Perhaps Dominion’s board believes, as at least one Dominion executive does, that climate change is an overblown issue that is pushed by “warmists,” that there’s been no global warming for fifteen years, and that global warming (which by the way isn’t happening) may not be human-caused. Such a belief would allow the board to ignore this shareholder vote, and assume that in future years the resolution will never get a majority vote because climate change concerns will go away as more people see climate change as a hoax. But maybe Dominion’s board, or at least a majority of its members, know better and will listen to the wake-up call delivered to them last week.
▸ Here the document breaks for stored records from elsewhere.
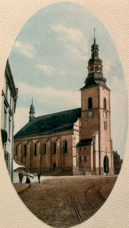
Myslowitz O.-S. — Alte Kirche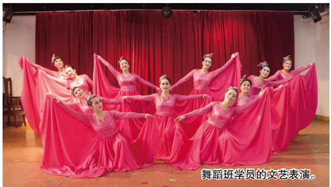
舞蹈班学员的文艺表演。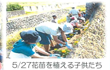
5/27花苗を植える子供たち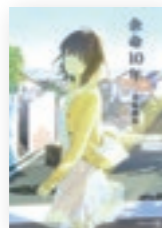
余命10年 著/小坂 流加

茉莉は不治の病にかかり、余命10年と宣告される。趣味に没頭する中で恋愛をしないと葛藤する茉莉。皆さんにも感動を味わってほしいです。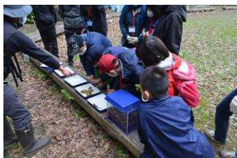
トウホクサンショウウオの観察

As I left the meeting I passed again by the black curtains in the convention hall windows and on the pedestrian bridge over Marshall Street. Just as Dominion used curtains to block views of protesters, its executives seemingly wear blinders to avoid looking at (and talking about) climate change. It’s past time for the blinders to come off and for Dominion’s management and board to look around at the wider world out there.

On May 22, Seth Heald will receive a master of science degree in energy policy and climate from Johns Hopkins University. His final paper in the program was about climate silence and moral disengagement. He is a Dominion Energy shareholder, and chair of the Sierra Club’s Virginia Chapter.